The role of proteases during basement membrane invasion has been controversial. While apparently required for invasion in in vitro and ex vivo invasion assays,, an essential role for proteases has not been demonstrated in vivo despite extensive knockout experiments of MMPs and other protease families in mouse genetic models., Importantly, our observations do not rule out the involvement of proteases in AC invasion. In fact, we’ve previously found that the AC expresses zmp-1, a matrix metalloproteinase. Although loss of zmp-1 has no apparent phenotype, it might function redundantly with other proteases. The C. elegans genome encodes nearly 300 genes with predicted protease or protease inhibitor domains, making the identification of proteases required for AC invasion a daunting task.

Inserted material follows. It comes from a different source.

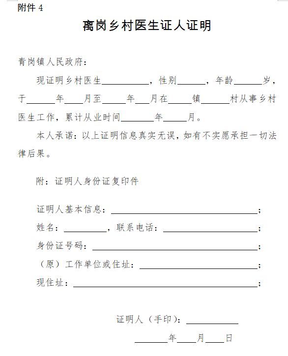 射洪市青崗鎮(zhèn)村醫(yī)養(yǎng)老保障《離崗鄉(xiāng)村醫(yī)生證人證明》模板(附下載)

Profiling the gene expression of the AC using single cell isolation techniques will likely narrow this list. Combined knockdown of key protease gene families, such as the MMP’s, ADAMS, and cathepsins, may also provide insight. Further, sensitized screening combined with analysis of basement membrane dynamics may also reveal roles for proteases. Given the expression of zmp-1 in the AC during invasion, it seems plausible that proteases and physical forces cooperatively mediate basement membrane invasion, as they appear to do during the movement of migratory fibroblasts and cancer cells through the less dense, fibrillar type I collagen-rich interstitial matrix.

Perspectives

Our real-time analysis of AC invasion has established the physiological relevance of invadopodia in basement membrane invasion and suggests that invadopodia are conserved structures that are utilized by invasive cells to breach basement membranes in both normal developmental events as well as diseases such as cancer. Further, we have discovered an UNC-40 (DCC)-mediated mechanism that guides invasive protrusion formation through a single basement membrane breach. The netrin-1 ligand is highly expressed in metastatic cancers– and stimulates invasion in many tumor cell lines assayed in vitro and ex vivo.– These results suggest that the vertebrate DCC receptor may play a conserved role in guiding invasion. Many outstanding questions regarding the specification, formation, and regulation of invadopodia, as well as the role of proteases and physical forces in removing and remodeling basement membrane during invasion remain unanswered. With its rapid forward genetics and amenability to high-resolution real-time microscopy, we expect C. elegans AC invasion will help answer many of these questions and provide important novel insights into the fundamental and fascinating way that cells breach and traverse basement membrane barriers.